Regardless, in my own experience, interfering with others people's relationships (no matter how good the intention) never works. So you should leave her be and worry about your own life. 

You sound like a good friend though. I hope she realises this.


----------



## elainem (7 Jul 2010)

*Promiscuity and Friend*

Thanks everyone for you advice. I've just decided not to say any more to my friend and hopefully things will be allright. Can't verify whether the violence issue is accurate or not - small towns are so full of rumours and ex wives and indeed ex girlfriends can add to roumours. Re. the promiscuity - I know three of the women he had affiars with. The rest of our circle of friends can recount other stories of his womanising, but I don't know whether these have been added to in the telling. Anyway,  you all are right - she is an adult!

Thanks to all of you for your comments and advice.


----------



## z104 (8 Jul 2010)

Had affairs with? What does this mean. Is this the same as had a relationship with?

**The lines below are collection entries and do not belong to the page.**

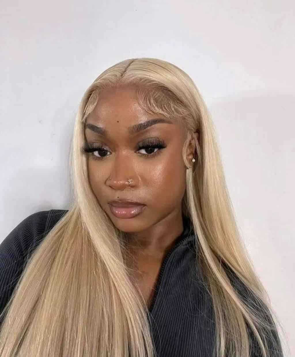 Megalook 6x5 Nœuds Invisibles Perruques Lisses Soie Blonde 613 Sans Colle Pré-découpées Dentelle Facile pour Débutants
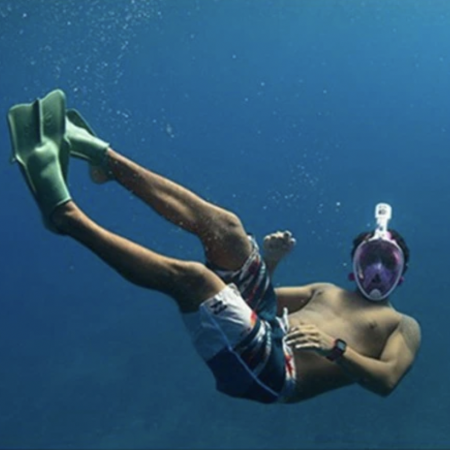 Spend more time snorkelling and less time worrying about water leaks and fogging with this full face snorkelling mask. This mask provides 180 degree views and allows you to breathe through both your nose and mouth. A must have for your next snorkelling trip.
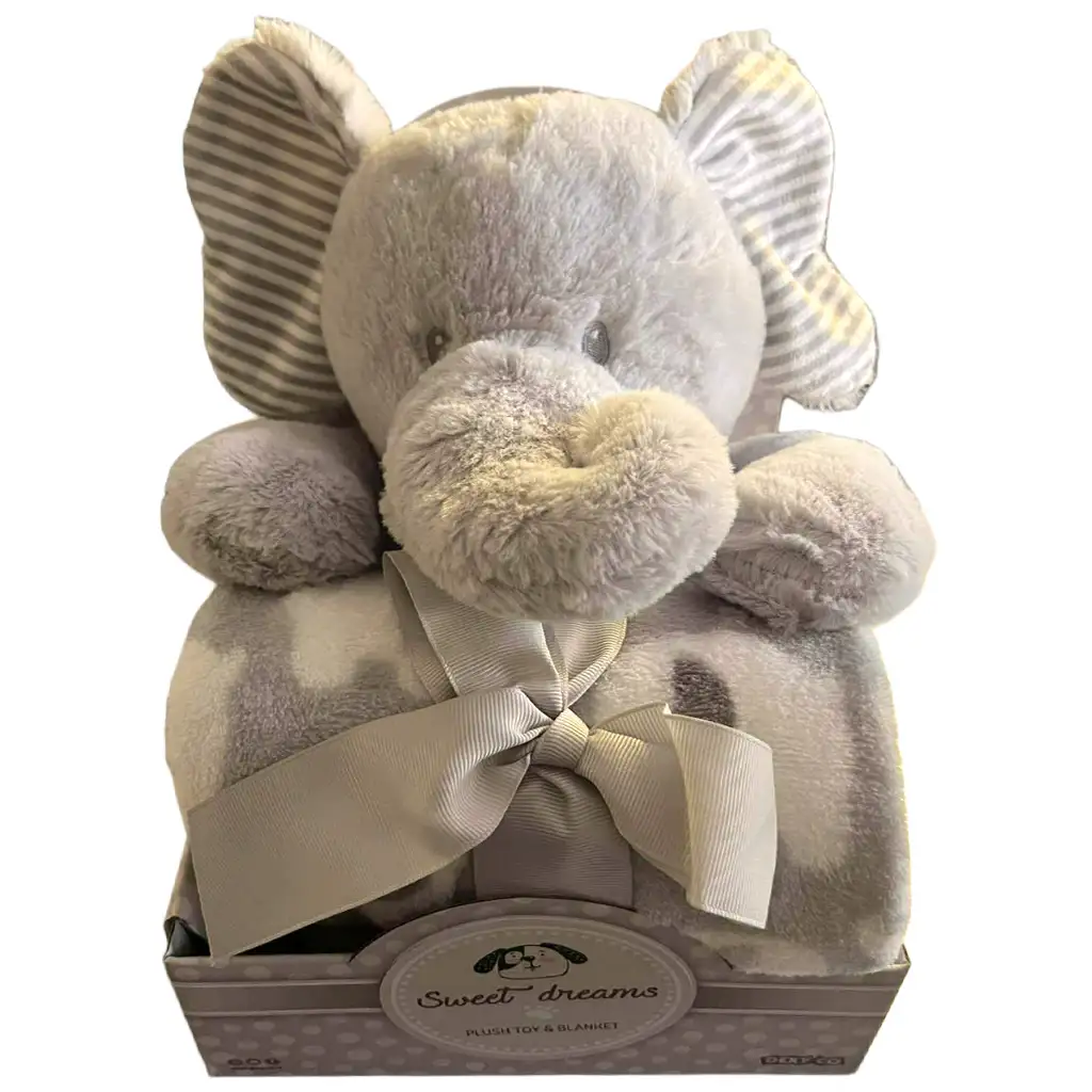 SweetDreams: Set copertina e peluche elefante grigio è la scelta perfetta se cerchi un regalo che sia non solo carino, ma anche davvero pratico. Il set include un elefante di peluche morbidissimo di colore grigio e una coperta abbinata altrettanto soffice, che donano calore e tranquillità al bambino in ogni momento.
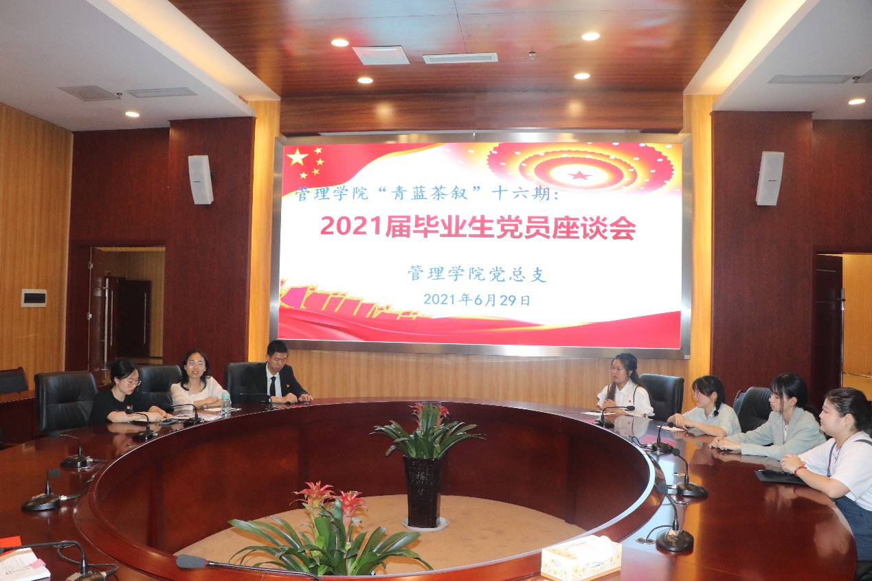 为加强毕业生党员的教育管理工作,6月29日下午3点,管理学院党总支在湖边会议中心第一会议室召开2021届毕业生党员座谈会,管理学院党总支书记田歆老师、管理学院副处级组织员张艳丽老师、毕业生党员代表参加。座谈会由管理学院学生党支部书记颜昌旭老师主持。
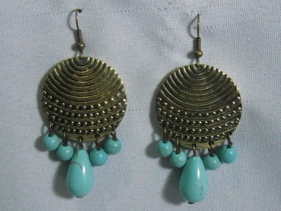 CYMBALS BLUE TURQUOISE DANGLING EARRINGS STONE BLUE TUR **|**|** CYMBALS BLUE TURQUOISE DANGLING EARRINGS STONE BLUE TURQUOISE METAL BRASS ; MSRP: $150
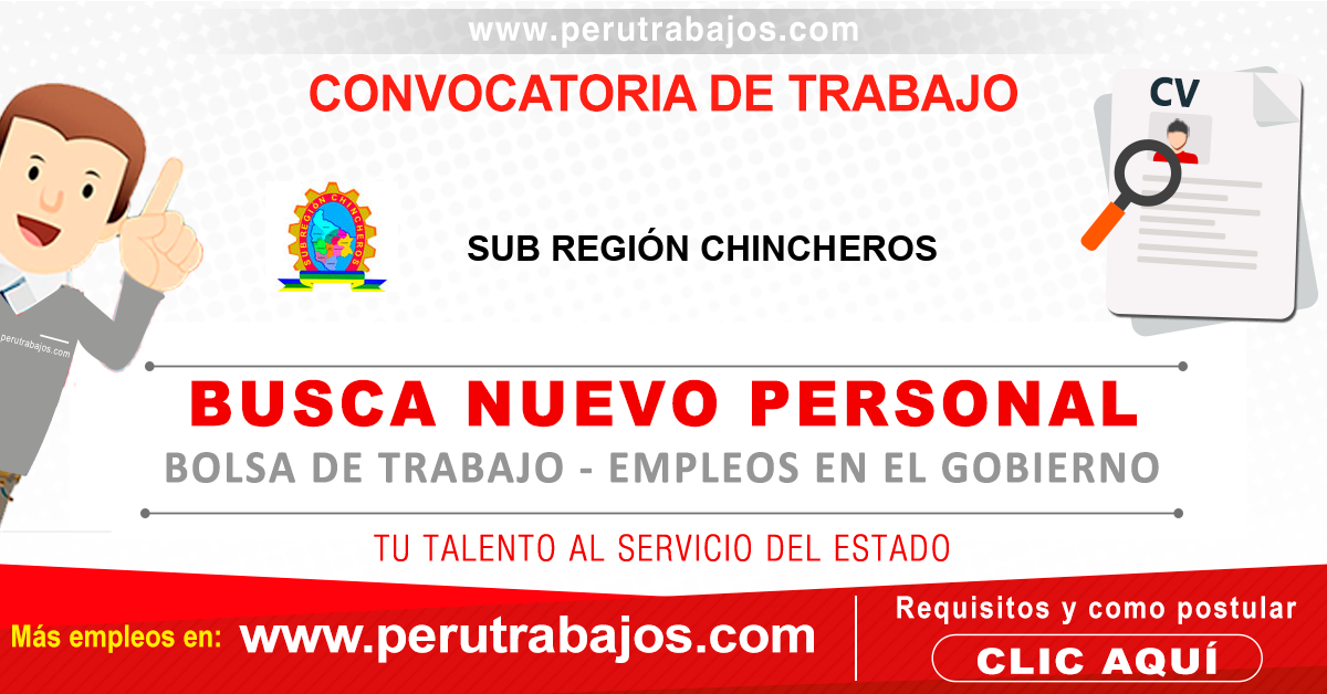 Aquí podrá revisar todas las convocatorias SUB REGIÓN CHINCHEROS 2026 y su bolsa de trabajo actualizado con nuevas oportunidades laborales.
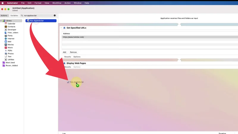 6) At last search for “Run Applescript” and drag this option to workspace too.
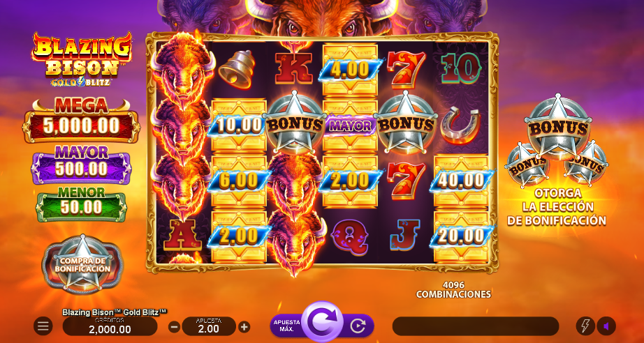 Todavía hay más por contar con respecto a Blazing Bison Gold Blitz. Porque esta tragamonedas ofrece distintas versiones de rondas de bonificación, que pueden ser elegidas por el jugador. Mayor número de Giros Gratis con características adicionales o un número menor de giros Gold Blitz que se centran en premios más grandes.

If affairs, was he married? If he was not married was the women he had a relationship married. If they were married then that's them doing something wrong.

Is there a hint of jealousy among the women he hasn't made a pass at


----------



## Boyd (8 Jul 2010)

Niallers said:


> Is there a hint of jealousy among the women he hasn't made a pass at



LOL very plausible, nobody wants to be the odd one out


----------



## haminka1 (9 Jul 2010)

if she doesn't want to listen to, there's nothing you can do but stay around and be her shoulder to cry on when she learns the hard way.


----------



## Complainer (9 Jul 2010)

Buy her regular supplies of condoms.


----------



## mtk (28 Jul 2010)

leave them alone


----------



## Homer (28 Jul 2010)

mtk said:


> leave them alone


 
+1


----------



## Yorrick (29 Jul 2010)

Have you considered a threesome ?


----------